Ohnehin: Inhaltlich darf man nicht wirklich viel erhoffen. Auch wenn die stärker zielorientierte Geschichte eine deutliche Verbesserung darstellt, ein wirkliches Argument ist sie nicht gerade, um sich ins Kino zu wagen. Ein Großteil folgt so stark Konventionen, dass man im Groben immer weiß, was alles passieren wird, eine letztendlich überflüssige Romanze inklusive. Überraschungen? Fehlanzeige. Zumal der Film ja auch noch ein paar Referenzen an den ersten Teil braucht, ohne Nostalgie geht heute nichts mehr. Im Film ist zwar von Mut die Rede, er selbst ist aber alles andere als mutig. Sämtliche Regelüberschreitungen folgen hier strengen Regeln. Und wenn sich Top Gun: Maverick doch mal von den plattgetretenen Bahnen löst und einen Erkundungsflug startet, wird es schnell albern. Gerade zum Ende hin muss die Frage gestattet sein, ob der Film das wirklich noch ernst meint oder nicht doch eine Komödie sein soll. Humor gibt es nämlich, überraschend oft sogar.
Trotz gelegentlicher Irritation ist der Film aber sehenswert. Ein Grund sind die Actionszenen, die tatsächlich dem Original alle Ehre machen und auch dank technologischer Fortschritte absurd halsbrecherische Momente ermöglichen.

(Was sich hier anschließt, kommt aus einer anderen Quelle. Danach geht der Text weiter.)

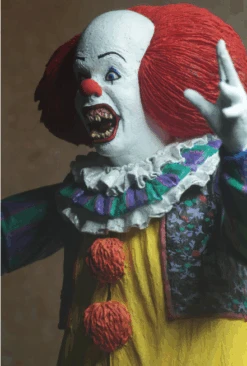 Based on Tim Curry’s portrayal of the terrifying clown, this 7″ scale figure is faithful to his on-screen appearance and packed with detail and accessories. Pennywise is fully articulated and features a total of three all new interchangeable heads, plus interchangeable hands (including a massive monster hand), “Turn Back Now” balloon and 3-D “emerging hand” book.

Der mit Abstand wichtigste Part stimmt also schon mal, Regisseur Joseph Kosinski (Oblivion) hat seine Aufgabe erfüllt. Sie finden dieses Mal auch in einem visuell abwechslungsreicheren Umfeld statt. Das bringt eine gewisse Willkürlichkeit mit sich, wenn irgendwie auf einmal jedes Setting möglich ist. Aber es ist spannend anzusehen. Und auch das gut aufgelegte Ensemble, allen voran natürlich Cruise selbst, für den das hier eine Herzensangelegenheit war, trägt dazu bei, dass man jede Menge Spaß haben darf. Wie beim Vorgänger sollte man dabei nach Möglichkeit erneut das Gehirn ein wenig auf Durchzug schalten. Wer dies kann oder von vornherein keine hohen Ansprüche hat, kann hier schon mal ein bisschen Sommer-Blockbuster-Feeling genießen und das Gefühl haben, es sei wieder alles wie früher.
Einen Gänsehaut-Moment hat der Film dann aber doch zu bieten: Der Cameo von Val Kilmer. Der Schauspieler, der im echten Leben an Kehlkopfkrebs leidet und 2014 seine Stimme verlor, erhält im Film als „Iceman“ ein paar Worte. Mithilfe künstlicher Intelligenz wurde seine eigene Stimme möglichst naturgetreu nachgebildet – eine Herausforderung für die KI-Spezialisten. Die Firma Sonantic sichtete und bearbeitete stundenlang Aufnahmen von Kilmers Sprechstimme, die dann durch einen speziellen, extra konfigurierten Algorithmus liefen. Aus über 40 Modellen wurde dann schließlich die beste Stimmnachbildung für den Film ausgewählt. Das geht einem schon Nahe, wenn man dies sieht und um dessen Schicksal weiß.
Fazit: Top Gun: Maverick ist deutlich besser und erfolgreicher, als man erwarten durfte. Inhaltlich darf man sich trotz einer fokussierteren Geschichte keine Wunderwerke erwarten, die Figuren sind erneut Schablonen ihrer selbst, Mut wird gepredigt, nicht gelebt. Aber es macht Spaß, bei den halsbrecherischen Flugmanövern zuzuschauen. Das der Film allerdings in der Bestenliste von imdb Platz 43 steht, ist bei aller technischen Vorzüge schon etwas arg überzogen. Ein paar technische Oscarnominierungen, plus eventuell Gagas Abspannsong, wird Top Gun: Maverick natürlich erhalten, aber von einer Film oder Darstellernominierung kann man sich definitiv verabschieden, dass wird nicht passieren oder glaubt da ernsthaft jemand dran?